The rupee went into a freefall on Monday, touching an all-time low of 52.8350 versus the US dollar as industrial production fell for the first time in more than two years.

"The Indian rupee will remain under pressure as its [India's] central bank is unable to tame inflationary pressures in the economy. The inflation has run out of control despite the tightening of monetary policy by the Reserve bank of India in recent months," Mousa Haddad, Head Trader with National Bank of Abu Dhabi, told Gulf News.

"The rupee will depreciate further, if the dollar index breaks above 80 levels," said Haddad.

Sajith Kumar P.K., chief executive of JRG International, Dubai, said the Indian rupee may cross 54.40 to the greenback.

"This might happen during December itself. The dollar has strengthened against all major global currencies due to European sovereign debt concerns and the trend is unlikely to reverse anytime soon," he said. The Indian currency fell 1.5 per cent yesterday, the most in three weeks, as the Central Statistical Office said factory output shrank 5.1 per cent in October from a year earlier. That was the first drop in output since June 2009.
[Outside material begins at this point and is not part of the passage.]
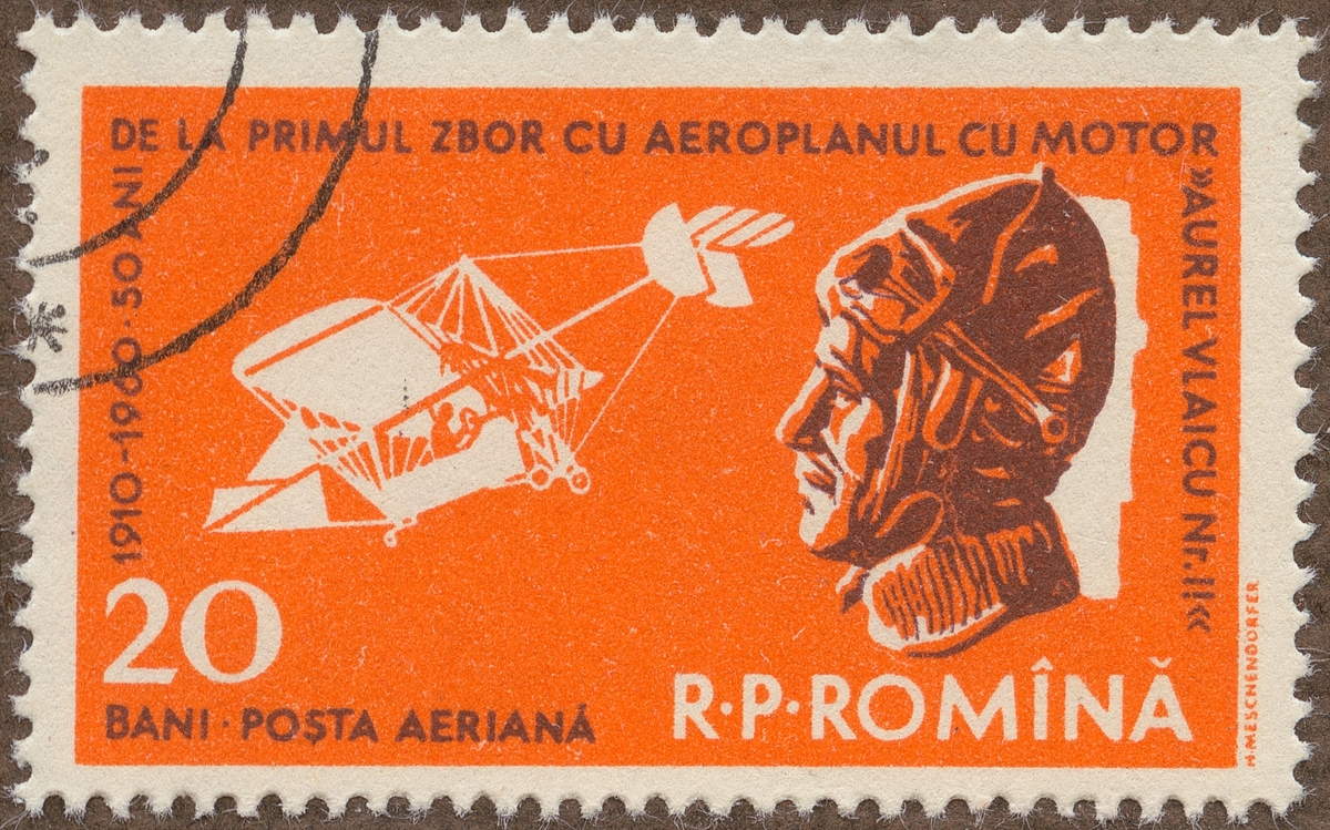 Frimärke från Rumänien, 1960. Motiv av Auriel Vlaicu och hans flygplan. "Flygets Dag och 50-årsjubileum av förste rumänska flyget: 1910- 1960."
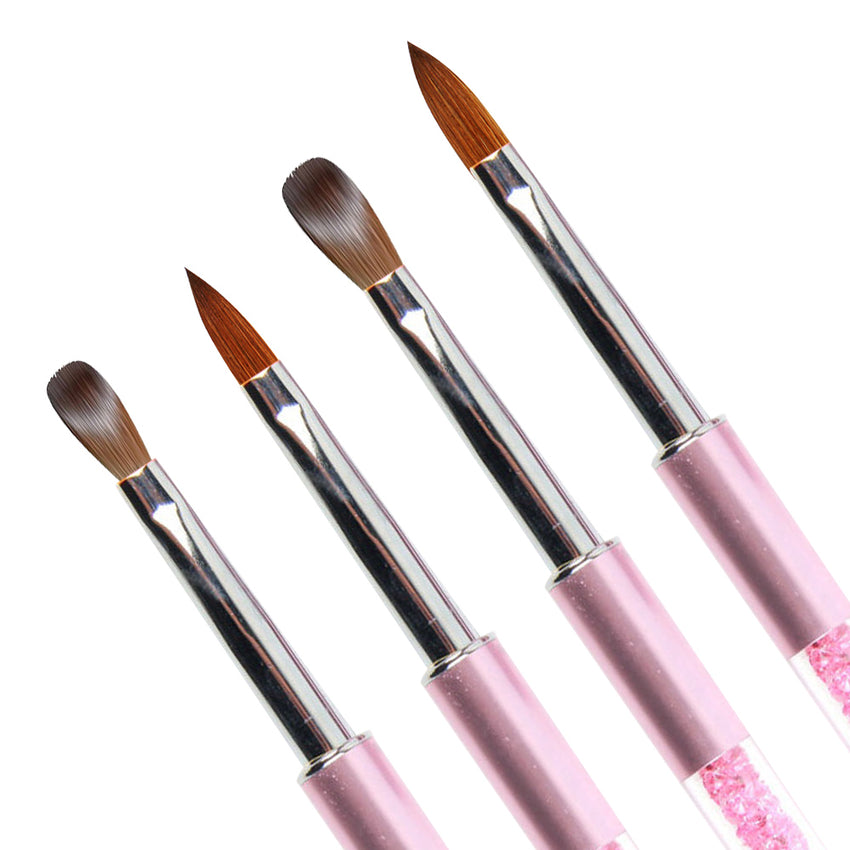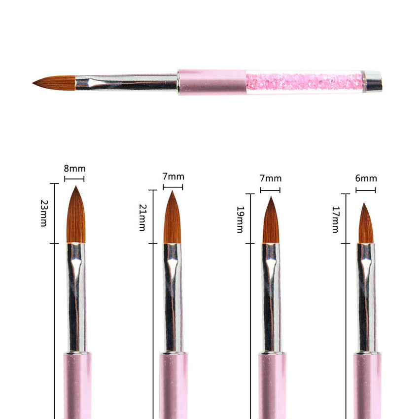 BQAN 2#-24# Size Pure 100% Kolinsky High Quality Acrylic Brush Pink Metal With Transparent Rhinestone Acrylic Handle Nail Brush Acrylic Art

"The bearish sentiment is very strong and there is nothing going for the rupee," J. Moses Harding, a Mumbai-based executive vice president at IndusInd, told Bloomberg yesterday. "The RBI has been intervening intermittently today at various levels."

The Reserve Bank of India sold $943 million (Dh3.46 billion) of foreign currency in October, compared with $845 million the previous month, according to a monthly bulletin on its website yesterday.

Worst performance

The rupee has fallen 15.4 per cent this year, the worst performance among Asian currencies.

The rupee also fell as investors sought the dollar's relative safety on concern European leaders will struggle to contain their region's debt crisis. The Dollar Index, which tracks the US currency's performance against six major trading partners, rose 0.7 per cent.

The Reserve Bank "does not comment on day-to-day market movements," Mumbai-based spokeswoman Alpana Killawala told Bloomberg. The central bank sold $943 million of foreign currency in October, compared with $845 million in the previous month.

Morgan Stanley estimates the Indian currency will fall to 54.80 by the second quarter of 2012. Yesterday, three-month offshore rupee forwards traded at 53.75 to the dollar, compared with 53.25 on December 9.

Three-month offshore rupee forwards traded at 53.75 to the dollar, compared with 53.25 on December 9. Forwards are agreements to buy or sell assets at a set price and date. Non-deliverable contracts are settled in dollars.

Stocks slide

Meanwhile, Indian stocks dropped the most in Asia after the nation's industrial output shrank in October for the first time in more than two years, sending the rupee to an all-time low and narrowing bond yields.

Reliance Industries sank 3.7 per cent, its sharpest loss in more than three months.

State Bank of India tumbled 5 per cent. Factory output contracted 5.1 per cent from a year ago after a revised 2 per cent gain in September, data showed.